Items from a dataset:
-------

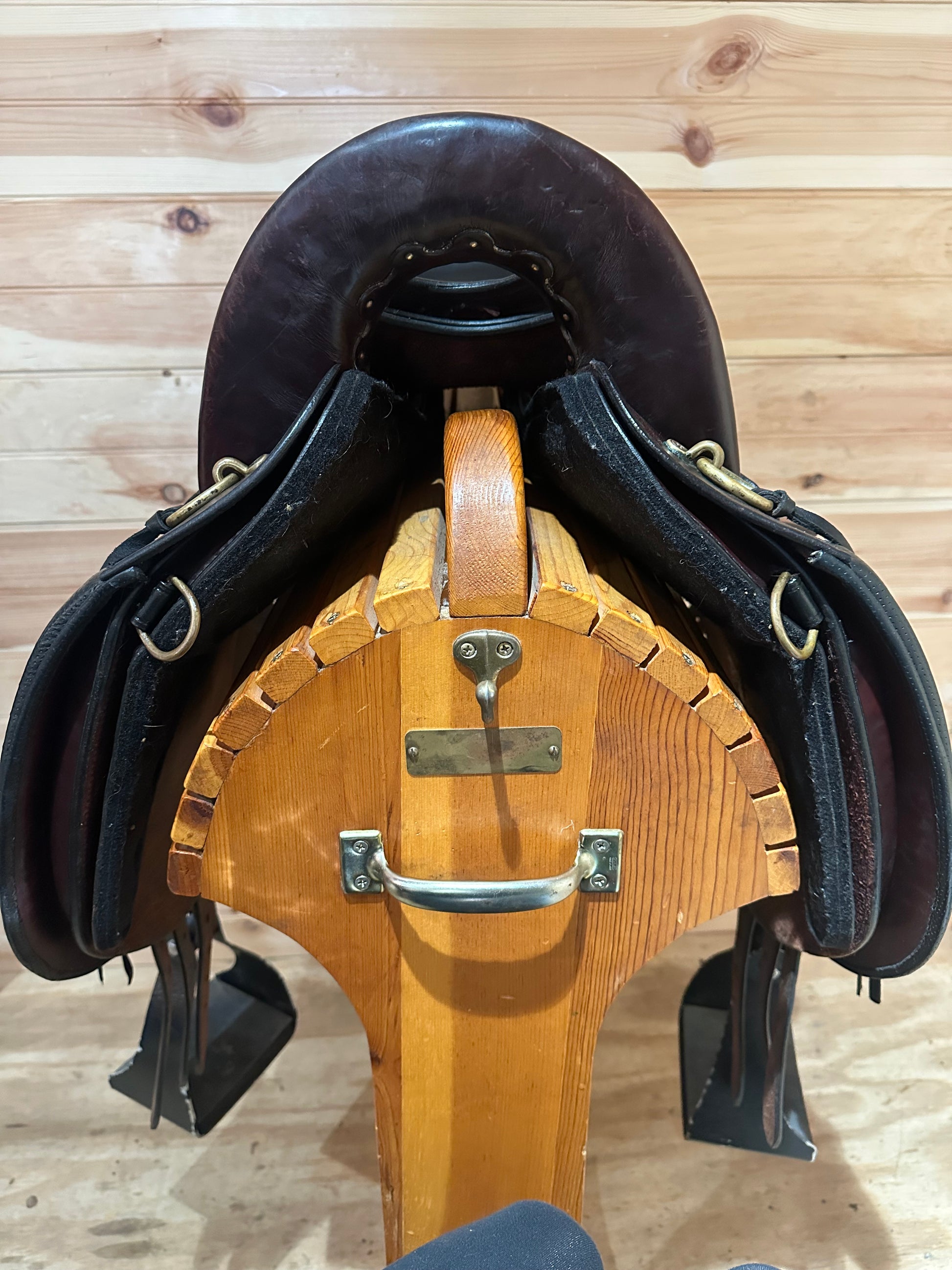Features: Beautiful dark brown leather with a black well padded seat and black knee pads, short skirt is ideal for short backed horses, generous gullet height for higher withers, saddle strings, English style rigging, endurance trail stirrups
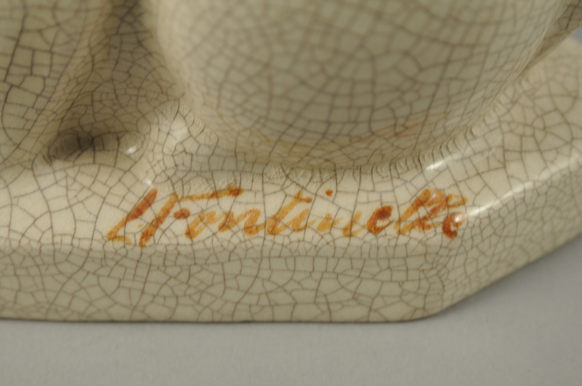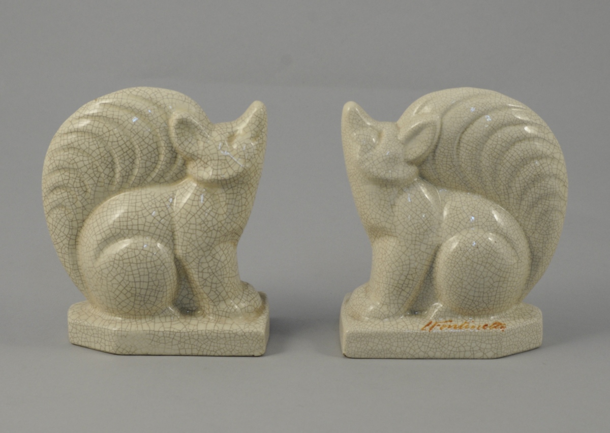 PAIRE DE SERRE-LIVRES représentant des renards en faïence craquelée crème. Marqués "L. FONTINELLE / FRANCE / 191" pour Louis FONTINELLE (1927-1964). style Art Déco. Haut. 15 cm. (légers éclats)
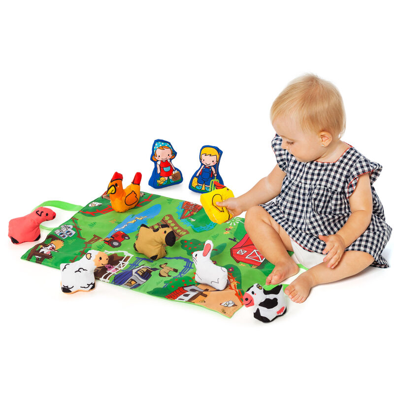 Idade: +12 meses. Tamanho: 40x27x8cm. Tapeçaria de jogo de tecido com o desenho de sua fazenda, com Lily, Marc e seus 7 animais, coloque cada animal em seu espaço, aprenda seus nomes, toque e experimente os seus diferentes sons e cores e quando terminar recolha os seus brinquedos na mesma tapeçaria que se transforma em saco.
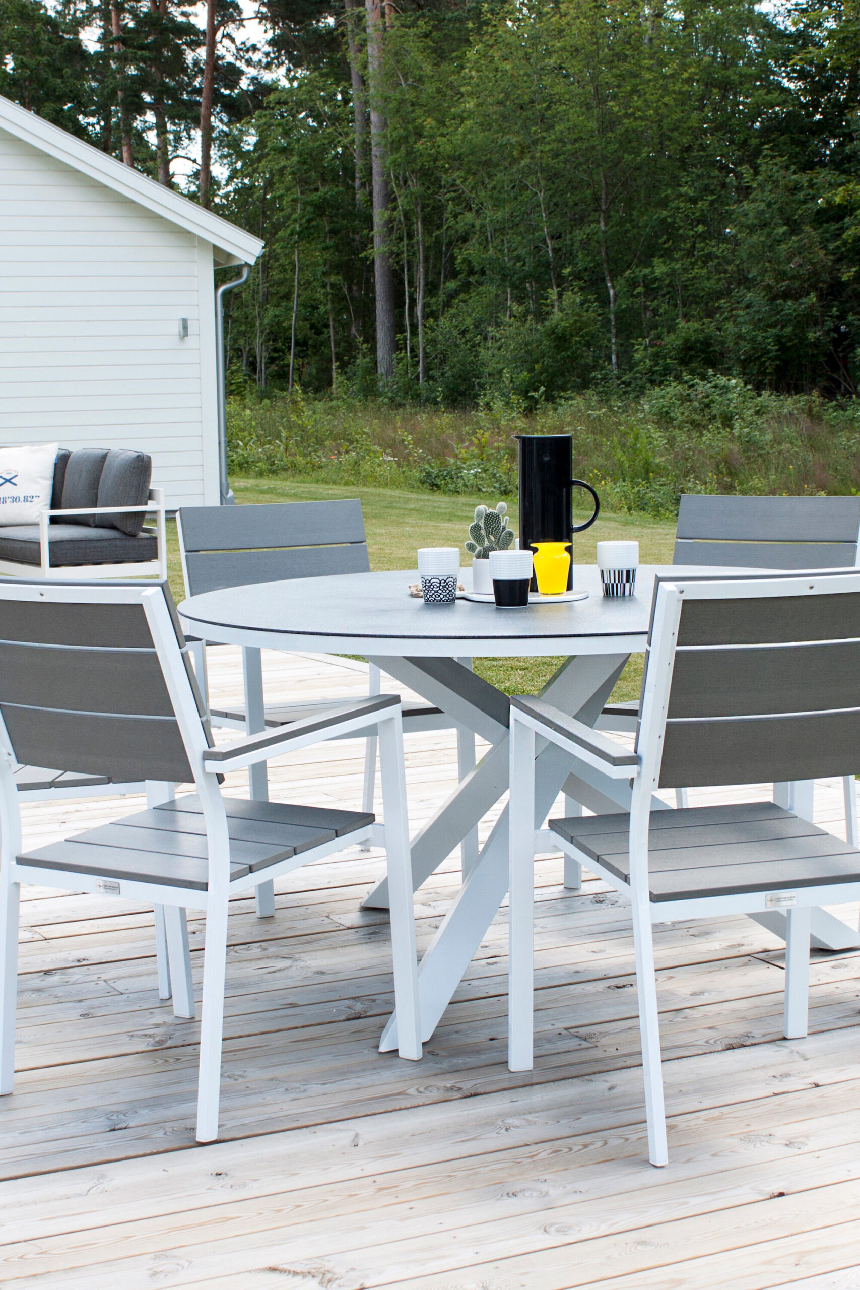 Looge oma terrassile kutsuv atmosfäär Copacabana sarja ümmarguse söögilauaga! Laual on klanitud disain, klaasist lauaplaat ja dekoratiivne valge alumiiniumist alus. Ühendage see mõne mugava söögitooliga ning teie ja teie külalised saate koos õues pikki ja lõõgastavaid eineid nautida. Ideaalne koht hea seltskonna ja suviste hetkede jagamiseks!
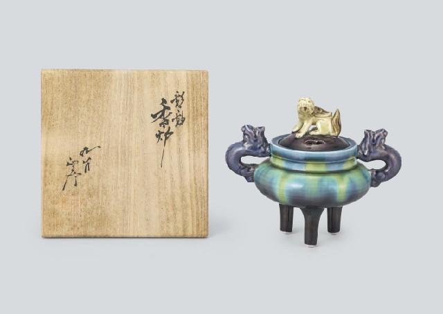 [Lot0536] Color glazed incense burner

-------

What is needed is an exact copy of the entries, without any images.

Features: Beautiful dark brown leather with a black well padded seat and black knee pads, short skirt is ideal for short backed horses, generous gullet height for higher withers, saddle strings, English style rigging, endurance trail stirrups
 PAIRE DE SERRE-LIVRES représentant des renards en faïence craquelée crème. Marqués "L. FONTINELLE / FRANCE / 191" pour Louis FONTINELLE (1927-1964). style Art Déco. Haut. 15 cm. (légers éclats)
 Idade: +12 meses. Tamanho: 40x27x8cm. Tapeçaria de jogo de tecido com o desenho de sua fazenda, com Lily, Marc e seus 7 animais, coloque cada animal em seu espaço, aprenda seus nomes, toque e experimente os seus diferentes sons e cores e quando terminar recolha os seus brinquedos na mesma tapeçaria que se transforma em saco.
 Looge oma terrassile kutsuv atmosfäär Copacabana sarja ümmarguse söögilauaga! Laual on klanitud disain, klaasist lauaplaat ja dekoratiivne valge alumiiniumist alus. Ühendage see mõne mugava söögitooliga ning teie ja teie külalised saate koos õues pikki ja lõõgastavaid eineid nautida. Ideaalne koht hea seltskonna ja suviste hetkede jagamiseks!
 [Lot0536] Color glazed incense burner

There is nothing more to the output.